Alex Rodriguez has been suspended by Major League Baseball for his involvement with the anti-aging clinic Biogenesis, and even after an arbitrator upheld the suspension, A-Rod is still fighting back. He's maintaining his innocence, and believes there should not just be a reduced suspension, but no suspension at all. To that end, he has sued both MLB and the Players' Association.
Reversing the arbitrator's decision might be difficult in the face of the evidence MLB has collected -- whether their acquisition of said evidence was sketchy or not (hint: it was). That evidence includes texts and phone calls between A-Rod and Tony Bosch, as detailed here by the New York Times:
The report emphasizes how close Rodriguez and Bosch - who is referred to in the decision as "a drug dealer" - appeared to be.
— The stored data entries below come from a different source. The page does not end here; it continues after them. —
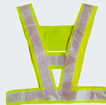
#07 V-образный жилет Материал: Утолщенная сетчатая ткань
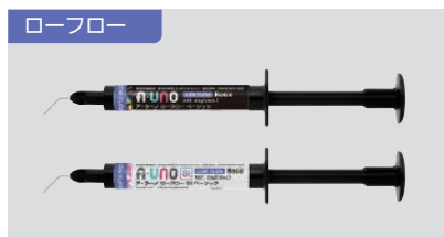
ア・ウーノ ローフロー (ベーシック / St ベーシック / St White / St Dark) 各 2.8g (1.5mL) 2,900円
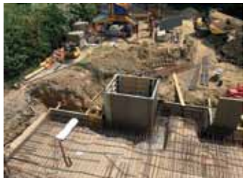
Um- und Zubau Gepflegt Wohnen Sinabelkirchen
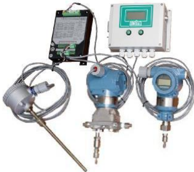
Фото 1 - Общий вид комплекса измерительного "СуперФлоу-21В"

На фото 1 приведен общий вид комплекса измерительного «СуперФлоу-21В».
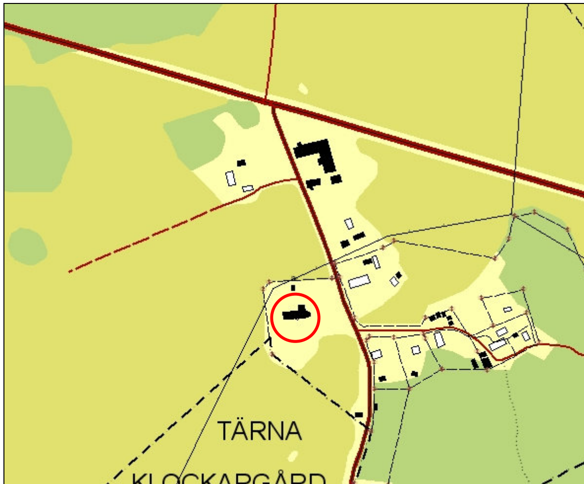
Utdrag ur digitala fastighetskartan 2004, skala 1:5 000. Tärna kyrka är inringad.

För beskrivning av triumfkrucifixet samt konserveringsåtgärder hänvisas till den separata konserveringsrapporten sammanställd av chefskonservator John Rothlind på konserveringsenheten vid Västerås kyrkliga samfällighet.

In 2012 alone, they spoke on the telephone 53 times and exchanged 556 text messages. (At one point Rodriguez told Bosch to "erase all these messages.")
They orchestrated an elaborate, if clumsy, subterfuge - lozenges containing testosterone were called "gummies," testosterone cream was called "pink food," and melted testosterone was called "liquid soup."
"Burn after reading" doesn't really work with digital messages, you guys. Though, A-Rod has likely figured that out by now. Oh, and another thing:
A player asks, "If what A-Rod was taking was legal, why did he have to come up with code names?"— Ken Rosenthal (@Ken_Rosenthal) January 14, 2014
Well... huh. I mean, I guess that A-Rod could... hmm. What if he just wanted to... oh. Oh, I see. Good luck with that whole lawsuit thing.